The following events can be used for troubleshooting:

  • 819 - Information: The policy settings was successfully deleted
  • 831 - Information: The policy settings was successfully added
  • 866 - Information: Update policy (This is followed after a 872 or 873 event)
  • 872 - Information: Start updating existing ADMX ingestion
  • 873 - Information: Starting new ADMX ingestion
  • 865 - Error Catastrophic Failure. This could be that the ADMX is invalid.
  • 404 - Error: This is generated for different reason
    • Generated after a 865 Catastrophic Failure error
    • The system cannot find the file. The CSP cannot file the specified ADMX file. This could happen when ADMX and policies are in separate Custom Profiles and the wrong AppID was specified in the OMA+URI paths or if the policy settings are applied before the ADMX ingestion.
  • 454 - Error: This is listed when the Custom Profile is removed and the CSP cannot delete registry values outside Software\Policies.

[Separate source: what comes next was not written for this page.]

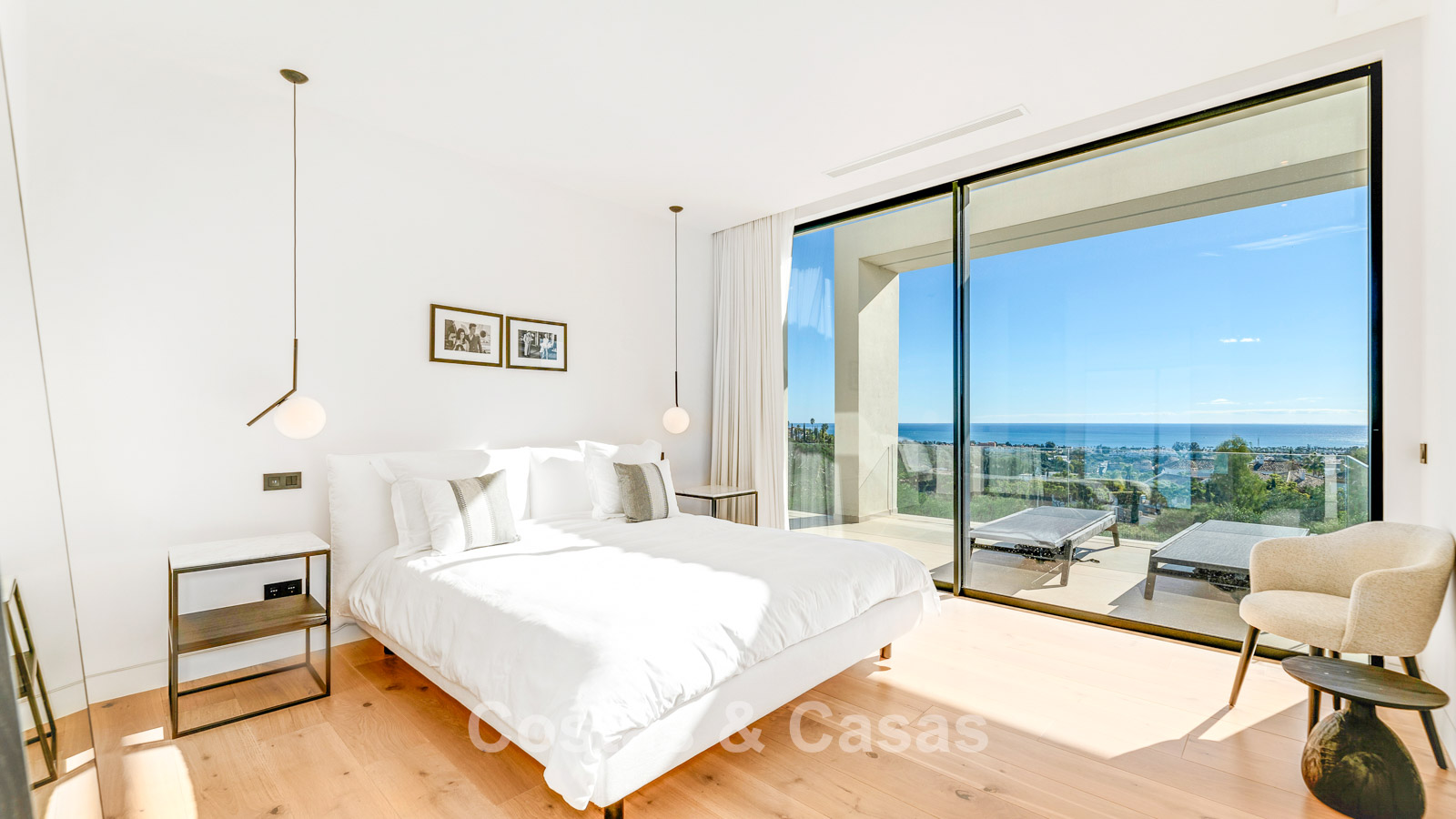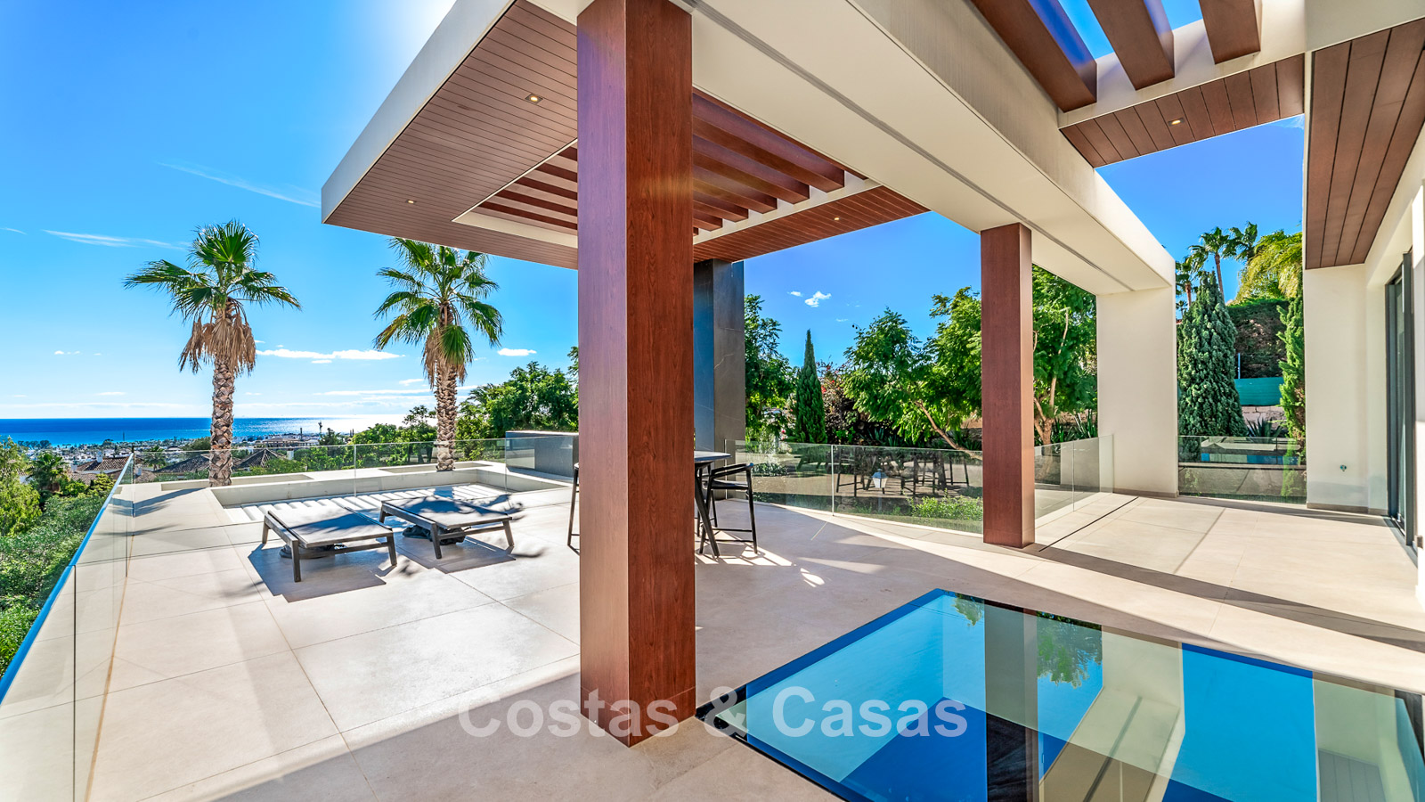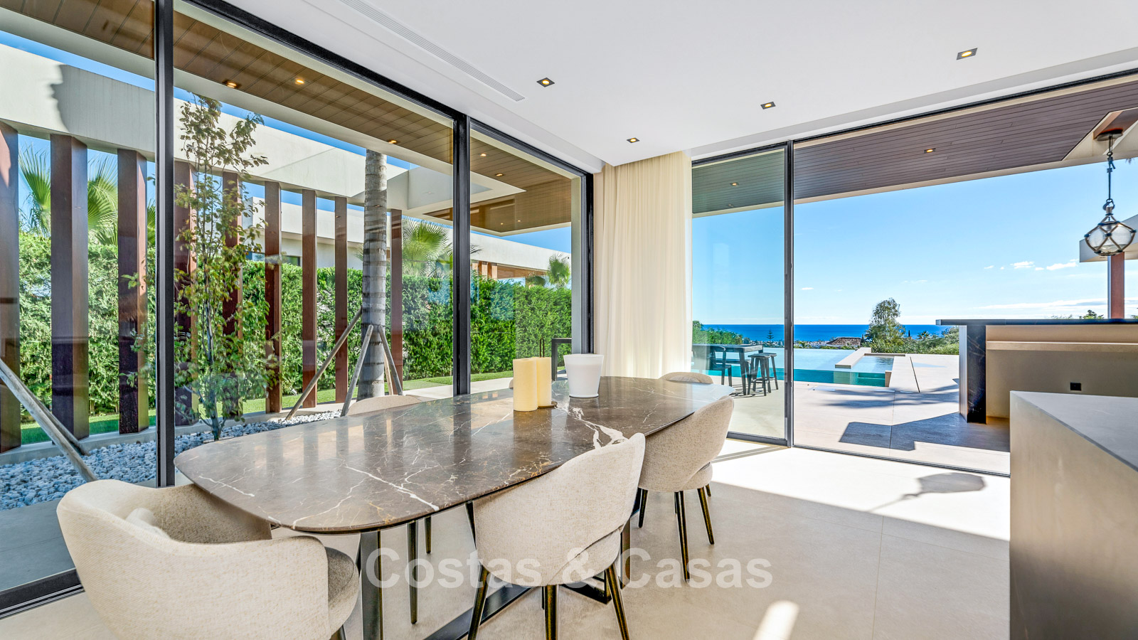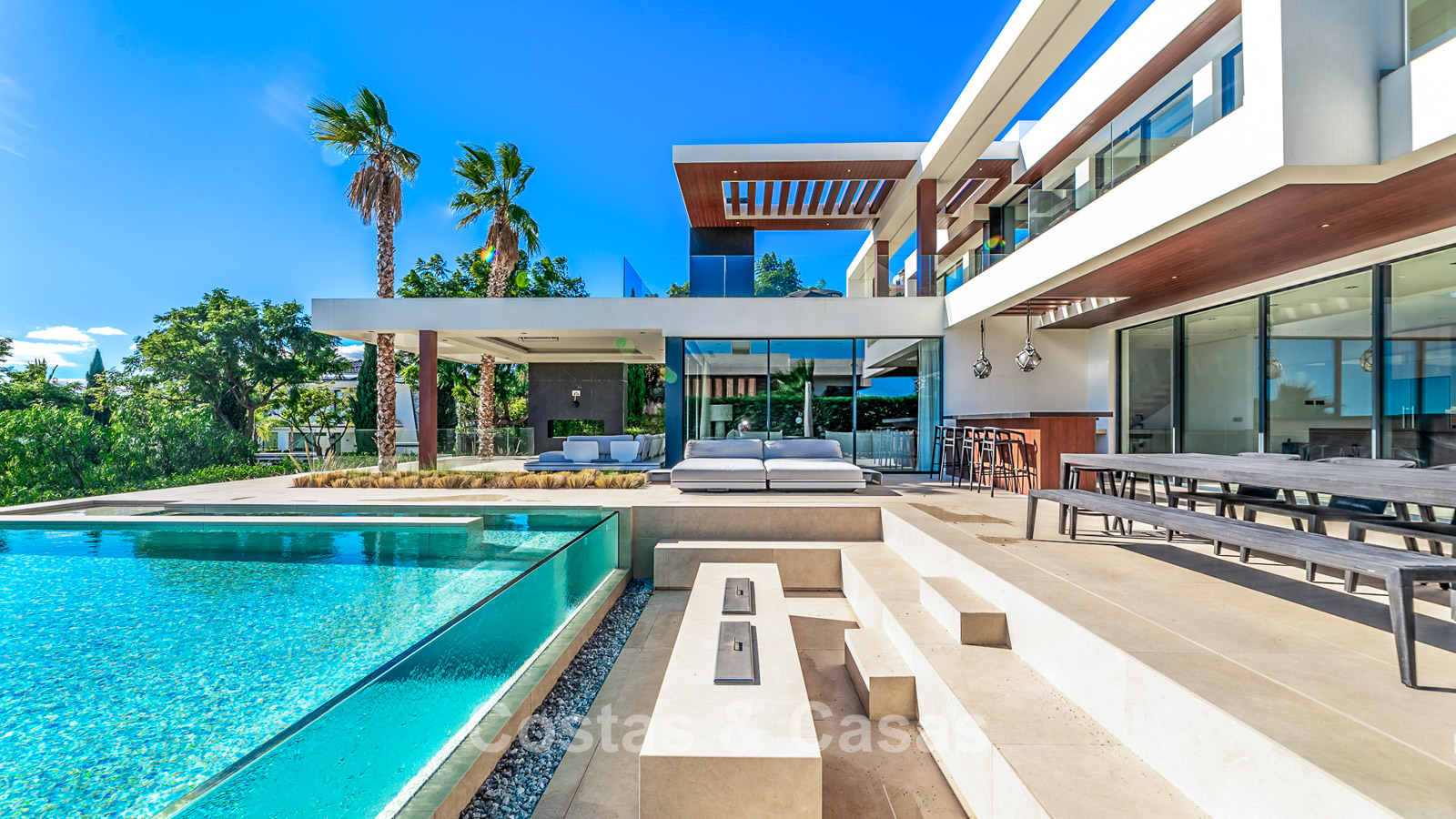 Aparcamiento para 2 coches. Fuente. Patio abierto con palmera. Majestuoso recibidor de doble altura con ascensor y escaleras. Un patio de cristal conecta todos los niveles de vida. Aseo de invitados. Dormitorio, en suite con acceso a la terraza cubierta. Bonita y espaciosa cocina abierta con una isla de cocción y una mesa. En el aterrizaje a la zona de estar, hay un armario empotrado y una hermosa pared de vinos. Amplio salón con chimenea. Terraza cubierta con cocina/bar exterior y zona de comedor. 2ª terraza cubierta con gran salón, chimenea y TV. Terraza abierta con tumbonas. Piscina infinita con lounge adyacente hundido y una chimenea central.

Known Issues and Limitations

  • The created ADMX ingestion profiles has only been tested on cloud only joined devices.
  • According to this link, policies will NOT be enforced unless the device is domain joined. So only Hybrid devices would support enforced values. This means that all settings on cloud only joined devices will be set as Preference values e.g. set once and never updated.

ADMX Import:

  • Only categories and policy names specified in the loaded ADMX/ADML file will be translated. If the ADMX uses strings outside the loaded ADML file, it might be blank or using the string id.

Reg Values

  • The Preferences type is supported by the tool but tests shows that there is no difference in functionality compared to the Policy type on cloud only joined devices.
  • The script will block some registry keys. These keys are blocked by Microsoft and a PowerShell script is required to write to these values. See this link for more information.
  • Values outside Software\Policies will NOT be deleted when the policy is removed.
  • The tool supports all ADMX attributes specified in the schema but it looks like some functionalities are not supported by Windows or the Policy CSP e.g. the soft attribute should be set to true to avoid overwriting an existing value but all values were overwritten during the tests, even if the soft attribute was set.
  • QWORD is not supported. The ADMX schema definition includes longDecimal which would create QWORD values but this is not supported in the Policy CSP. It will generate a Catastrophic Failure event in the Event Log.
  • No support for enabledList/disabledList. This might be added in the future since this could make it very easy to create mapped drives via ADMX ingestion.